2014-08-26 01:21:37 UTC

Hi folks,

The log recovery use-after-free that Brian posted a patch for has
had several previous attempts sent and none have completed review.
So let's put this one to bed for good.

This patch set addresses the previous review feedback for fixing
this problem. It factors xlog_recover_process_data() to make it
cleaner and isolate the context of the transaction recvoery
structure that is causing problems. It fixes a leak of the structure
in an error condition that I noticed while factoring, as well as the
double free that Brian and others have identified and tried to fix
in the past. It then re-arranges the recovery item management code
to put it all in one place, rather than in 3 separate parts of the
file separated by several hundred lines of unrelated code.

Comments?

-Dave.

Dave Chinner

2014-08-26 01:21:39 UTC

Permalink

From: Dave Chinner <***@redhat.com>

It aborts recovery without freeing the current trans structure that
we are decoding.

Signed-off-by: Dave Chinner <***@redhat.com>
---
fs/xfs/xfs_log_recover.c | 5 +++--
1 file changed, 3 insertions(+), 2 deletions(-)

diff --git a/fs/xfs/xfs_log_recover.c b/fs/xfs/xfs_log_recover.c
index 1970732f..460cf98 100644
--- a/fs/xfs/xfs_log_recover.c
+++ b/fs/xfs/xfs_log_recover.c
@@ -3587,8 +3587,9 @@ xlog_recovery_process_ophdr(
/* unexpected flag values */
case XLOG_UNMOUNT_TRANS:
xfs_warn(log->l_mp, "%s: Unmount LR", __func__);
- error = 0;
- break;
+ xlog_recover_free_trans(trans);
+ return 0;
+
case XLOG_START_TRANS:
xfs_warn(log->l_mp, "%s: bad transaction 0x%x", __func__, tid);
ASSERT(0);

--
2.0.0

Brian Foster

2014-08-26 12:41:57 UTC

Permalink

Post by Dave Chinner
It aborts recovery without freeing the current trans structure that
we are decoding.

What do you mean by "aborts recovery?" I don't see anything in the code
that reflects that behavior.

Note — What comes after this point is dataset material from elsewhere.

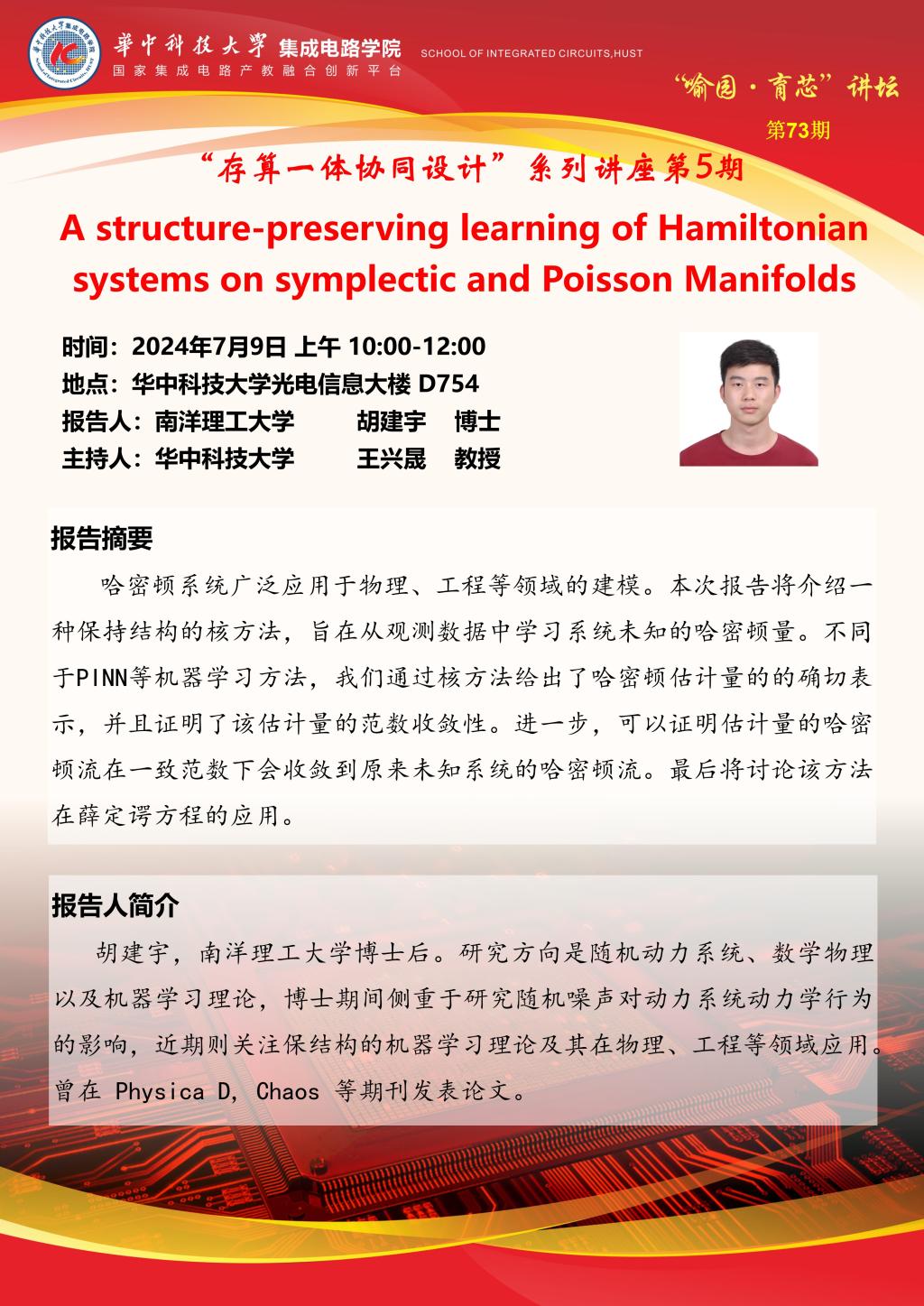 喻园•育芯讲坛第73期—“存算一体协同设计”系列讲座第5期:A structure-preserving learning of Hamiltonian systems on symplectic and Poisson Manifolds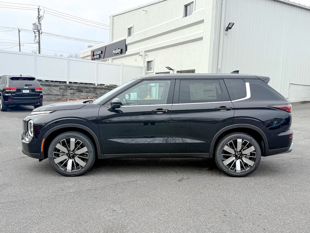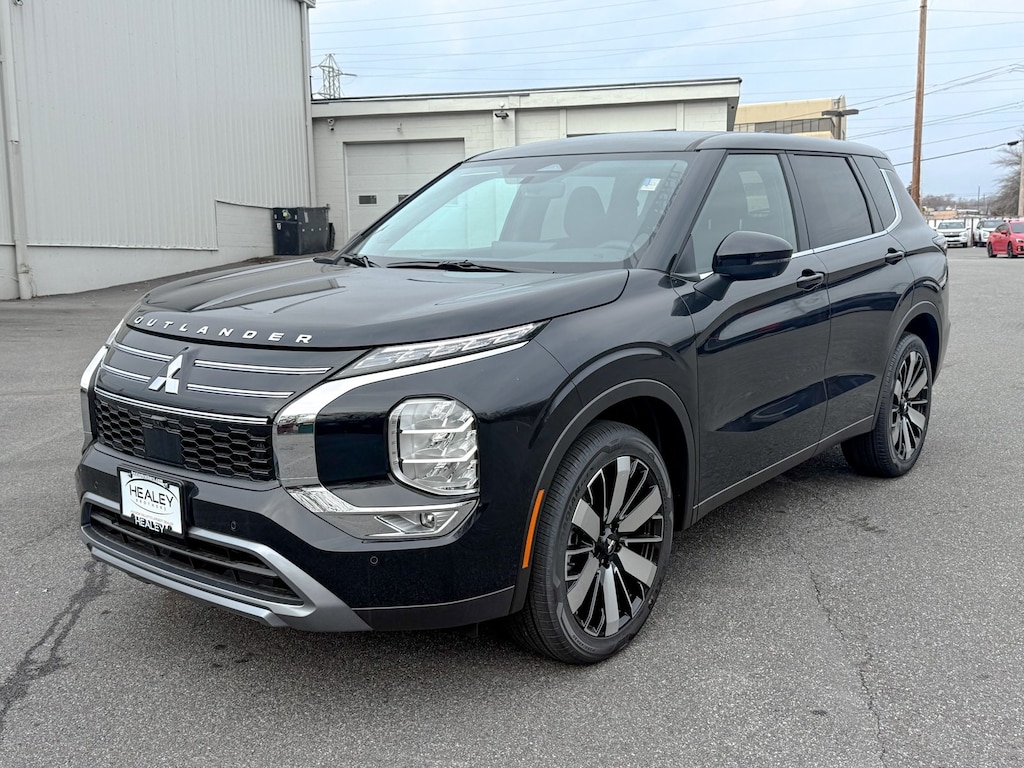 Black 2025 Mitsubishi Outlander SE FWD CVT 2.5L I4 DOHC 16V LEV3-SULEV30 181hp 3rd row seats: split-bench, 4-Wheel Disc Brakes, 8 Speakers, ABS brakes, Air Conditioning, Alloy wheels, AM/FM radio: SiriusXM, Android Auto & Apple CarPlay, Auto High-beam Headlights, Auto-dimming Rear-View mirror, Automatic temperature control, Brake assist, Bumpers: body-color, Driver door bin, Driver vanity mirror, Dual front impact airbags, Dual front side impact airbags, Electronic Stability Control, Emergency communication system: Mitsubishi Connect w/ 24-month trial, Exterior Parking Camera Rear, Four wheel independent suspension, Front anti-roll bar, Front Bucket Seats, Front Center Armrest w/Storage, Front dual zone A/C, Front fog lights, Front reading lights, Fully automatic headlights, Garage door transmitter: HomeLink, Heated door mirrors, Heated Front Bucket Seats, Heated front seats, Illuminated entry, Knee airbag, Leather Shift Knob, Leather steering wheel, Low tire pressure warning, Navigation System, Occupant sensing airbag, Outside temperature display, Overhead airbag, Overhead console, Panic alarm, Passenger door bin, Passenger vanity mirror, Power door mirrors, Power driver seat, Power Liftgate, Power steering, Power windows, Radio data system, Radio: AM/FM 12.3" Navigation w/Smartphone-Link, Rain sensing wipers, Rear anti-roll bar, Rear seat center armrest, Rear side impact airbag, Rear window defroster, Rear window wiper, Reclining 3rd row seat, Remote keyless entry, Security system, Speed control, Speed-Sensitive Wipers, Split folding rear seat, Spoiler, Steering wheel mounted audio controls, Synthetic Leather Seating Surfaces, Tachometer, Telescoping steering wheel, Tilt steering wheel, Traction control, Trip computer, Turn signal indicator mirrors, Variably intermittent wipers, Wheels: 20" Two-Tone Alloy.

Do you mean it's an on-disk marker for
completion?

Post by Dave Chinner
---
fs/xfs/xfs_log_recover.c | 5 +++--
1 file changed, 3 insertions(+), 2 deletions(-)
diff --git a/fs/xfs/xfs_log_recover.c b/fs/xfs/xfs_log_recover.c
index 1970732f..460cf98 100644
--- a/fs/xfs/xfs_log_recover.c
+++ b/fs/xfs/xfs_log_recover.c
@@ -3587,8 +3587,9 @@ xlog_recovery_process_ophdr(
/* unexpected flag values */
xfs_warn(log->l_mp, "%s: Unmount LR", __func__);
- error = 0;
- break;
+ xlog_recover_free_trans(trans);
+ return 0;
+

The change to return here seems superfluous. It's fine, but just to
check, were you intending to alter behavior in some way (e.g., return
from xlog_recover_process_data())?

Brian

Post by Dave Chinner
xfs_warn(log->l_mp, "%s: bad transaction 0x%x", __func__, tid);
ASSERT(0);
--
2.0.0
_______________________________________________
xfs mailing list
http://oss.sgi.com/mailman/listinfo/xfs

Dave Chinner

2014-08-26 01:21:38 UTC

Permalink

From: Dave Chinner <***@redhat.com>

Clean up xlog_recover_process_data() structure in preparation for
fixing the allocationa nd freeing context of the transaction being
recovered.

Signed-off-by: Dave Chinner <***@redhat.com>
---
fs/xfs/xfs_log_recover.c | 151 ++++++++++++++++++++++++++---------------------
1 file changed, 84 insertions(+), 67 deletions(-)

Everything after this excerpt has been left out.